SS: Being a listening presence is harder than it sounds, at least for me. It takes tremendous effort to stay in the moment with someone, not to let my mind wander, not to express disapproval or judgment, not to just think of what I need to say next. Active listening is tough and tiring. But it never fails to amaze me how much it means to someone to feel truly heard. So many times I’ve had a patient or family member say to me, “Thank you for everything you did for us. It meant so much.” And I find myself wondering what exactly I did — because I mostly remember being in the room with them and not saying anything. To anyone observing from the outside it would have looked very much like doing nothing. Yet being heard let them know they were not alone, and as a chaplain it’s my hope that by being there with them, even in silence, I bear witness to God’s presence with them, too. And yes, there are a few times when I’ve had to bite my tongue, when someone has literally made me want to scream, but I’ve always managed not to, so far.
MFM: You’ve written a wonderful memoir about your first few years of chaplaincy. I read it and loved it. But as a fiction writer, I want to know, if you could fictionalize your account, how would you change it? Would it become a black comedy? An erotic thriller? Would you change all the doctors into cowboys?

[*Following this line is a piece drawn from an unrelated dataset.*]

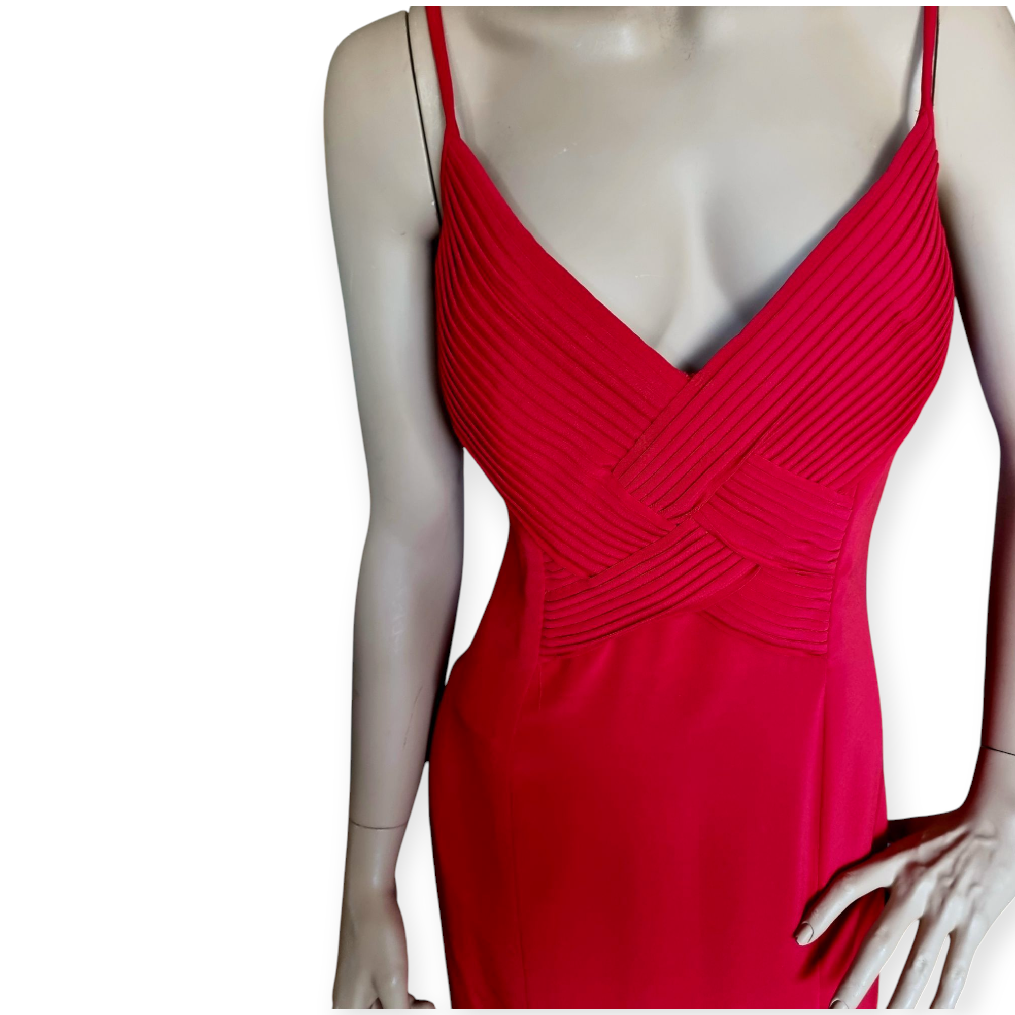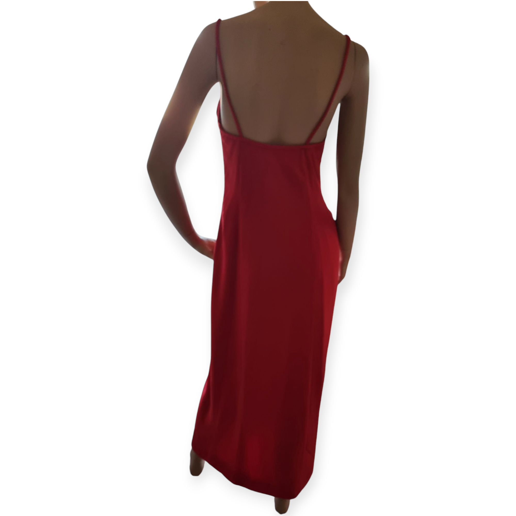 Vestido rojo perfecto para llamar la atención en cualquier reunión. Con un cierre de cremallera oculto en un lateral. Y cuerpo con lorzas que garantizan un ajuste perfecto. Su lujosa tela de Crep se complementa con una abertura en la costura lateral. Ligero relleno en las copas. Forro interior. Talla XL / 42 / 14

SS: First of all, thank you very much. I was beyond thrilled when I read your review of my book, since I am such a fan of your writing as well! This is a really interesting question. I never thought about what my story would be like as fiction. I suppose it could be wish fulfillment. I could, like your fictional heroine Lindsay Harding, eat lots of junk food and still be thin. And I could have romantic interludes in the elevator like the characters on Grey’s Anatomy. I can’t tell you how disappointing it is, after years of watching that show, that of all the thousands of times I’ve been on hospital elevators, never once have I had occasion to make out with a gorgeous doctor à la McDreamy or McSteamy. Of course, if I really wanted to sell books, I would need the hospital to be threatened by zombie hoards, only to be saved by the chaplain who is secretly an angsty vampire. All these missed opportunities . . . But I will say, I’m pretty happy with the story I did tell, and really touched with the messages I’ve been getting from people all over the place who say it resonated with them. I think so many of us experience times of questioning who we are and what God is up to (if anything) and what it all means. Exploring those questions honestly through my own life was an exhilarating writing experience, even without zombies or vampires or elevator makeout sessions. And people seem to enjoy reading it, so even better!